Standing on a verdant hillside far north in Thailand’s Chiang Rai region, I gaze out at rolling hills of jiaogulan, also known as the immortality herb. This name derives from the purported longevity of people living in the mountainous Guizhou province of southwest China, who consume a tea made of steeped jiaogulan leaves on a regular basis. The plant may actually hold a key to longer and healthier life.
Despite its possible benefits for stemming the tide of aging and enhancing youthful health, the plant is not so well known.
Jiaogulan, Gynostemma pentaphyllum, is in the same family of plants as cucumbers and gourds, though the plant bears no fruits. The plant is a climbing vine, and from my vantage point I see the wire fencing supporting the vast quantity of jiaogulan before me, covering perhaps 20 acres or so. The vines have climbed up and over the fencing, covering it all in a thick layering of bright green leaves.
It’s the leaves of this plant that are made primarily into tea, and drunk the way one would drink any other infused tea. Known also as amachazuru, jiaoguan is endemic to the southern regions of China, and to parts of Thailand, Vietnam, Korea, Japan. The herb has never really had its day in the sun, as it has never been distributed as widely as other popular botanicals like ginseng.
This brings up a connection between jiaogulan, the lesser known herb of immortality, and ginseng, the very well-known, longevity-promoting herb. Thanks to some canny scientific inquiry conducted in the 1970s, we know that the two unrelated plants actually share similar compounds known to offer benefits to many aspects of health. We can thank Japanese chemists Masahiro Nagai and Tsunematsu Takemoto for this knowledge. The former made groundbreaking discoveries that the two plants both contained saponins of particular types known to enhance health. The latter identified a very large number of these healthy saponins.
In ginseng, the 28 active saponin compounds in the root are called ginsenosides. In jiaogulan the 82 known saponins are referred to as gypenosides.
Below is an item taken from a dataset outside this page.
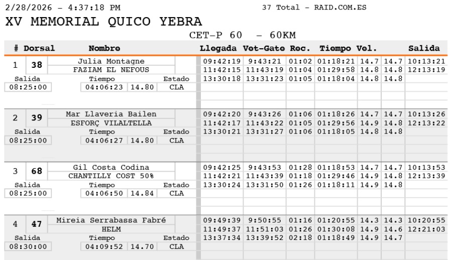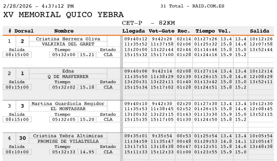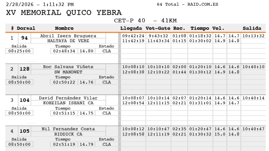 Fuente:DarwinData. Federació Catalana d’Hípica. Resultats provisionals Raid

The former can actually be converted into the latter, and in the human body both groups promote diverse beneficial effects, improving the health of key organ systems.
Jiaogulan offers potent antioxidant protection. When you consume jiaogulan tea, your body increases its production of its own super antioxidant, known as SOD, or superoxide dismutase. This defends and protects the cells of the body from premature destruction due to exposure to harmful agents of all kinds.
Jiaogulan has shown benefits for heart health, enhancing the muscular activity of the heart and improving overall bloodflow. It also helps to reduce LDL cholesterol, while providing a boost to healthy HDL. Jiaogulan proves a top-rated blood pressure control agent, reducing high blood pressure about half as well as the drug indapamide, which is marketed by Servier.
As an adaptogen, jiaogulan increases energy, endurance, stamina, and recovery time, while reducing all forms of mental and emotional stress. It may also help to mitigate jet lag. The tea also appears to help stabilize blood sugar, and is a source of the popular flavonol ampelopsin, which is used to soothe hangovers. As if that were insufficient, jiaogulan is also liver-protective.
Among the 50,000 or so medicinal plants in the world, only a few hundred are popular outside of their native regions. Jiaogulan is now ready to make its way into the global health market on a larger scale, for all the right reasons.